__WORK ORDER__
When you reach the line holding "HYYGIA isn’t just", please begin to restate the lines word for word and continue through the last one in the material, excluding pictures.
-=-=-=-=-
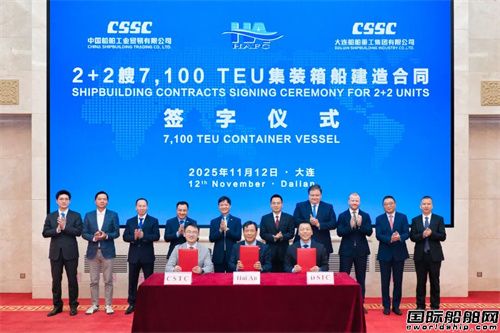 11月12日,大連造船聯(lián)合中船貿(mào)易公司與越南海安綠色航運(yùn)公司簽署2+2艘7100TEU集裝箱船訂單。越南海安公司董事長Vu Thanh Hai、總經(jīng)理Nguyen Ngoc Tuan,大連造船董事長韓東望、副總經(jīng)理何旭參加儀式。
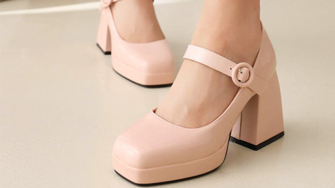 This platform loafers features patent leather, square toe and chunky heels. It makes you look elegant and fashionable with your party dress. The heel height is 3.54"(9cm), the platform height is 0.79"(2cm).
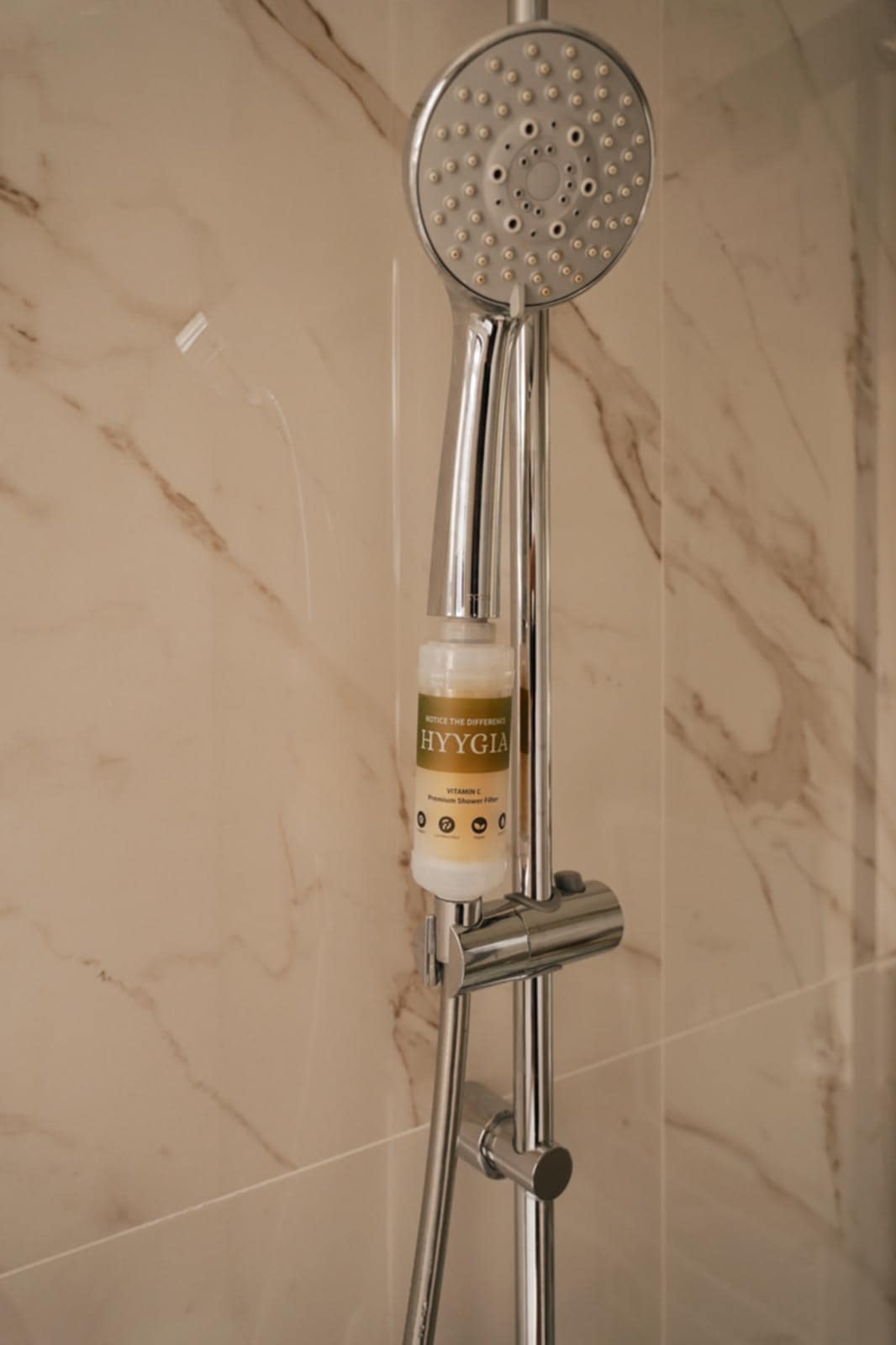 HYYGIA isn’t just a filter — it’s a skin-first shower upgrade. Infused with a Korean skincare formula, our filter removes chlorine and harsh chemicals while releasing nourishing active botanicals like Vitamin C, Jojoba Oil, and Probiotics. This dual action both protects and treats the skin and scalp during every shower. Backed by science and dermatologist-tested, HYYGIA helps rebalance your skin and hair from the first rinse.
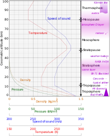 في ظل الظروف الجوية العادية، تختلف درجة الحرارة، وبالتالي سرعة الصوت، باختلاف الارتفاع:
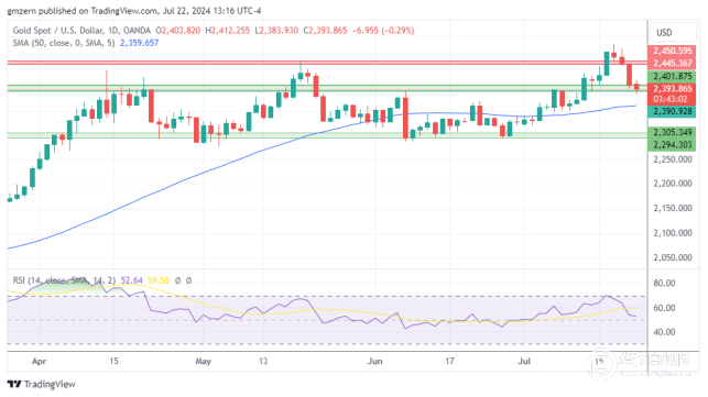 【华通网7月23日讯】•金价试图收于2390美元下方。
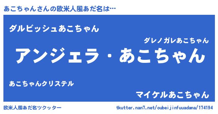 | 意味不明あだ名 | 『永久保存あこちゃん』 |
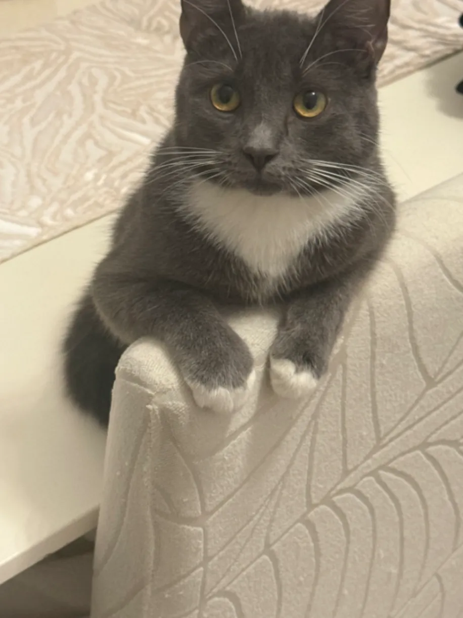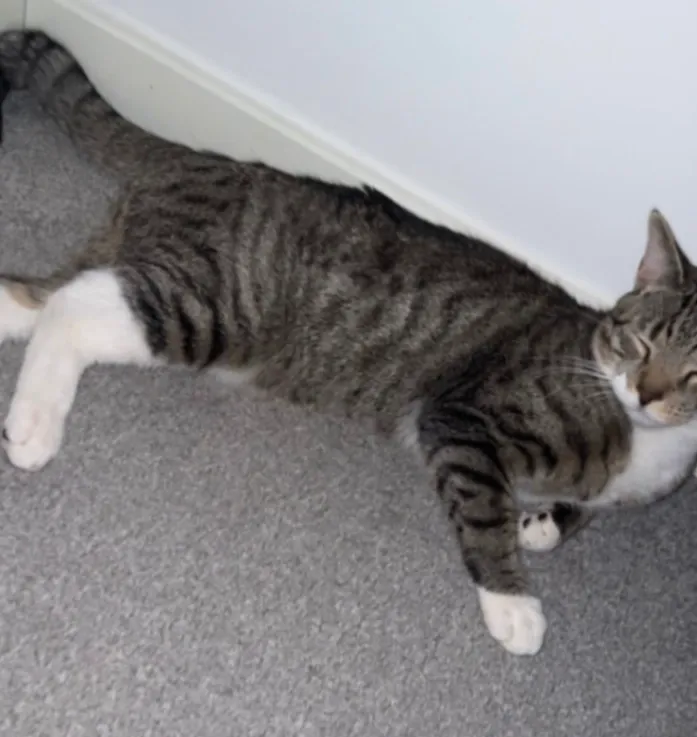 Male tabby cat with short fur. Grey and black striped coat (classic tabby pattern) with white chest, belly, and white paws. He has a white face with a pink nose and noticeable white whiskers. One distinguishing feature is brown colouring on the back of one of his hind legs.
-=-=-=-=-
__YOUR RESPONSE__
 HYYGIA isn’t just a filter — it’s a skin-first shower upgrade. Infused with a Korean skincare formula, our filter removes chlorine and harsh chemicals while releasing nourishing active botanicals like Vitamin C, Jojoba Oil, and Probiotics. This dual action both protects and treats the skin and scalp during every shower. Backed by science and dermatologist-tested, HYYGIA helps rebalance your skin and hair from the first rinse.
 في ظل الظروف الجوية العادية، تختلف درجة الحرارة، وبالتالي سرعة الصوت، باختلاف الارتفاع:
 【华通网7月23日讯】•金价试图收于2390美元下方。
 | 意味不明あだ名 | 『永久保存あこちゃん』 |
 Male tabby cat with short fur. Grey and black striped coat (classic tabby pattern) with white chest, belly, and white paws. He has a white face with a pink nose and noticeable white whiskers. One distinguishing feature is brown colouring on the back of one of his hind legs.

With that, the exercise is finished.